Starting a beauty salon or spa is a dream for many beauty professionals. It’s very likely that you’ll need salon capital to get started, even if you’re buying an existing business. Finding a lender or financier that you trust is absolutely crucial because you never know when you might need to go back for additional funding to fuel growth or cover emergency expenses.

By acquiring capital, you can get your salon off the ground and secure the salon capital necessary to grow your business into a thriving staple of the community.

FAQs on salon capital

What are some popular financing options for a new beauty salon and spa?

There are both traditional and alternative options for salon capital. Some of the most common traditional options include term loans, SBA loans, and business lines of credit, while alternative options include merchant cash advances (MCAs) and revenue-based financing.

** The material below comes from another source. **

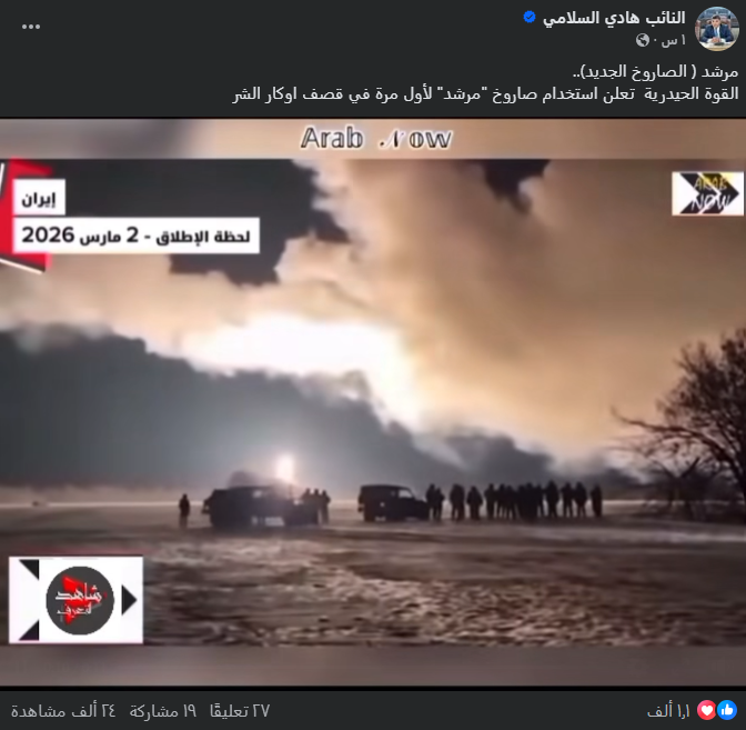 تداولت صفحات على مواقع التواصل الاجتماعي، وخصوصاً على منصة فيسبوك، مقطع فيديو بمزاعم (دون تصرّف): “مرشد ( الصاروخ الجديد).. القوة الحيدرية تعلن استخدام صاروخ ‘مرشد’ لأول مرة في قصف اوكار الشر”. وحصد الفيديو في منشور واحد فقط على منصة فيسبوك أكثر من 24 ألف مشاهدة، وأكثر من ألف تفاعل حتى لحظة إعداد هذا التحقيق.

How can I improve my chances of getting approved for a loan?

Lenders pay close attention to your credit history, so the best way to improve your chances of getting approved for a loan is to increase your creditworthiness. Before applying, take some time to pay down debts, make on-time credit card payments, and work to improve your score.

Another good step is to create a very thorough business plan that explains what your salon plans to offer, who you expect to serve, and how you plan to use the money to grow your business.

How much does it cost to start a salon?

There are many factors that influence the startup and operating costs for a salon. The website SharpSheets estimates that the cost of opening a salon ranges between $35,500 to $220,000.